═════ Task data

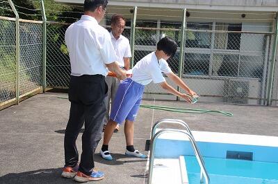 今日は気温が30度を超え、教室では1日中エアコンをかけた状態でした。このような暑い日はプールが最高ですね!今日の昼休み、代表の生徒会役員が参加した中でプール開きを行い、生徒が安全にプールを利用できるようお祈りしました。今週から体育の授業ではプールが始まります。生徒の皆さんは楽しみなことだと思いますが、安全には十分気をつけてくださいね。保護者の皆様もご指導の程、よろしくお願いします。 生徒が安全に利用できますように…
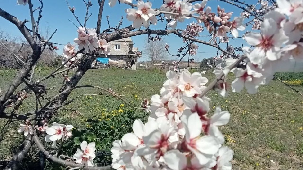 Fotoğraflarda, kırsal alandaki badem ağaçlarının dolu dolu çiçek açtığı, arka planda köy evlerinin ve seraların yer aldığı görülüyor. Köy sakinleri, bu dönemi verimli bir yılın habercisi olarak değerlendiriyor ve çiçek açan ağaçların ilerleyen aylarda bol ürün vereceğini umut ediyor.
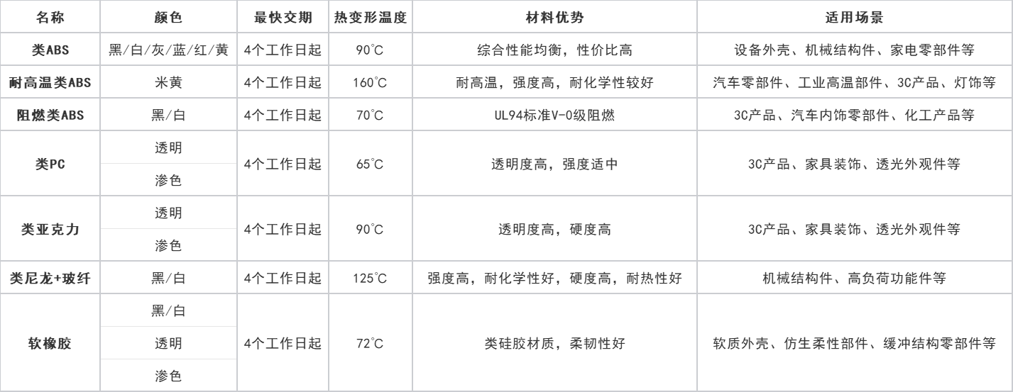 优点:周期短(3-7 天可完成小批量生产),成本低(无需开昂贵钢模),材料选择广(支持多种树脂、软胶等)
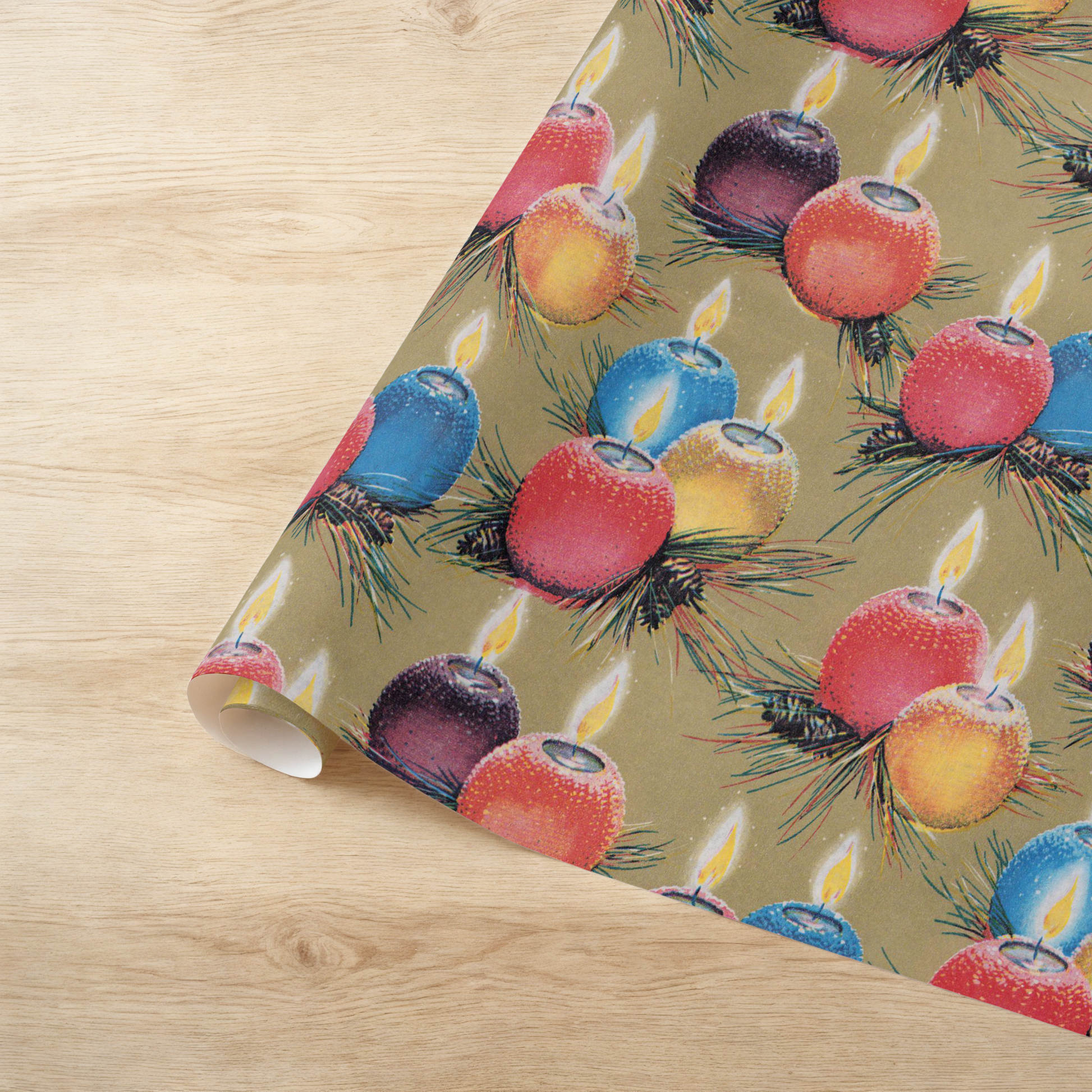 Ball candles nestled in pine on gold
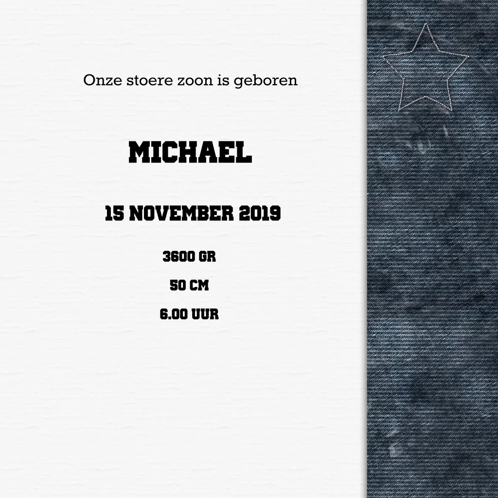 Jongens geboortekaartje denim met ster en ruitjes
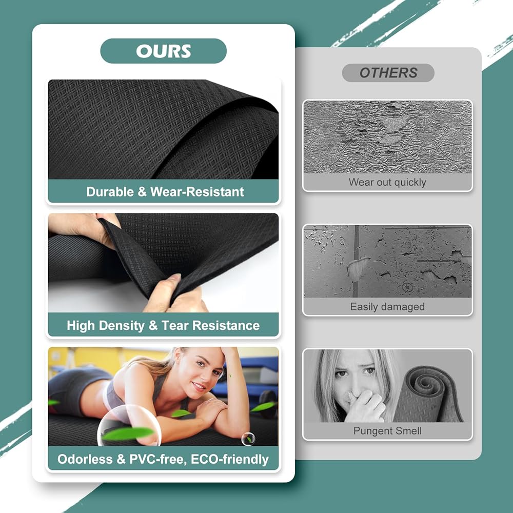 مانع للانزلاق وممتص للصدمات: يتميز جوجومات بتصميم سطحي مزخرف على الوجهين يمكن أن يزيد الاحتكاك لمنع الانزلاق، وسوف تمتص المرونة الكافية التأثير على ركبتيك ومفاصلك، مما يمنع الإصابات الشائعة التي يمكن أن تحدث أثناء التدريبات عالية التأثير.
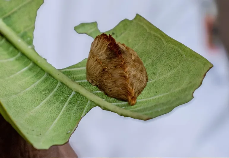 La oruga se defiende pasivamente: ni mordida ni picadura
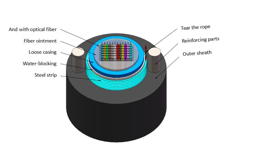 製品説明 [ 金属補強コンポーネント、鋼-ポリエチレン結合シースセンターバンドルチューブタイプ完全充填通信屋外リボン光ファイバーケーブル ] 光ファイバーケーブルの構造は、マルチモードまたはシングルモード光ファイバーテープを高弾性プラスチックに挿入して、内部に防水コンパウンドを充填したルーズチューブを形成し、ケーブルの中心に配置することです。チューブの外側は、水と鋼テープで縦方向に包まれています。2本の平行な鋼線が、ケーブル敷設用の補強コンポーネントとしてポリエチレンシースに埋め込まれています。
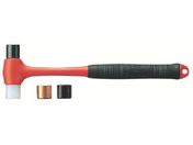 鉄平・鉄凸・ナイロン・真鍮の4種のヘッドがセットになったハンマーです。ヘッドを交換できます。鋼の芯材により、木柄の3倍の耐久力を実現しています。本体は耐衝撃性プラスチックの一体成型でハンマーの頭部が抜けず、安心です。
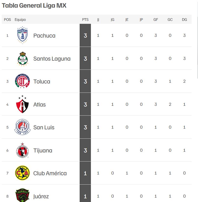 Liga MX: Así quedó la Tabla General del Apertura 2025 tras la Jornada 1
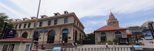 火车站是由德国人魏尔勒和格德尔茨设计,由山东铁道公司施工的。当时的火车站主要由钟楼和候车大厅两大部分组成,北联一层办公用房,建筑具有德国文艺复兴建筑风格。候车大厅以高大的装饰山墙和三个大型券门突出了面向市区的主入口,楼南角耸起一座造型优美的尖钟塔,正居于广西路和兰山路的轴线上,成为兰山路对景。火车站成为胶济铁路的终点站,并成为青岛的景观建筑之一。 [2]

══════════

* [What you will do] Up to and including the line that contains "مانع للانزلاق وممتص", print the records above exactly from their first line, without any pictures.

* [Solution for this task]
 今日は気温が30度を超え、教室では1日中エアコンをかけた状態でした。このような暑い日はプールが最高ですね!今日の昼休み、代表の生徒会役員が参加した中でプール開きを行い、生徒が安全にプールを利用できるようお祈りしました。今週から体育の授業ではプールが始まります。生徒の皆さんは楽しみなことだと思いますが、安全には十分気をつけてくださいね。保護者の皆様もご指導の程、よろしくお願いします。 生徒が安全に利用できますように…
 Fotoğraflarda, kırsal alandaki badem ağaçlarının dolu dolu çiçek açtığı, arka planda köy evlerinin ve seraların yer aldığı görülüyor. Köy sakinleri, bu dönemi verimli bir yılın habercisi olarak değerlendiriyor ve çiçek açan ağaçların ilerleyen aylarda bol ürün vereceğini umut ediyor.
 优点:周期短(3-7 天可完成小批量生产),成本低(无需开昂贵钢模),材料选择广(支持多种树脂、软胶等)
 Ball candles nestled in pine on gold
 Jongens geboortekaartje denim met ster en ruitjes
 مانع للانزلاق وممتص للصدمات: يتميز جوجومات بتصميم سطحي مزخرف على الوجهين يمكن أن يزيد الاحتكاك لمنع الانزلاق، وسوف تمتص المرونة الكافية التأثير على ركبتيك ومفاصلك، مما يمنع الإصابات الشائعة التي يمكن أن تحدث أثناء التدريبات عالية التأثير.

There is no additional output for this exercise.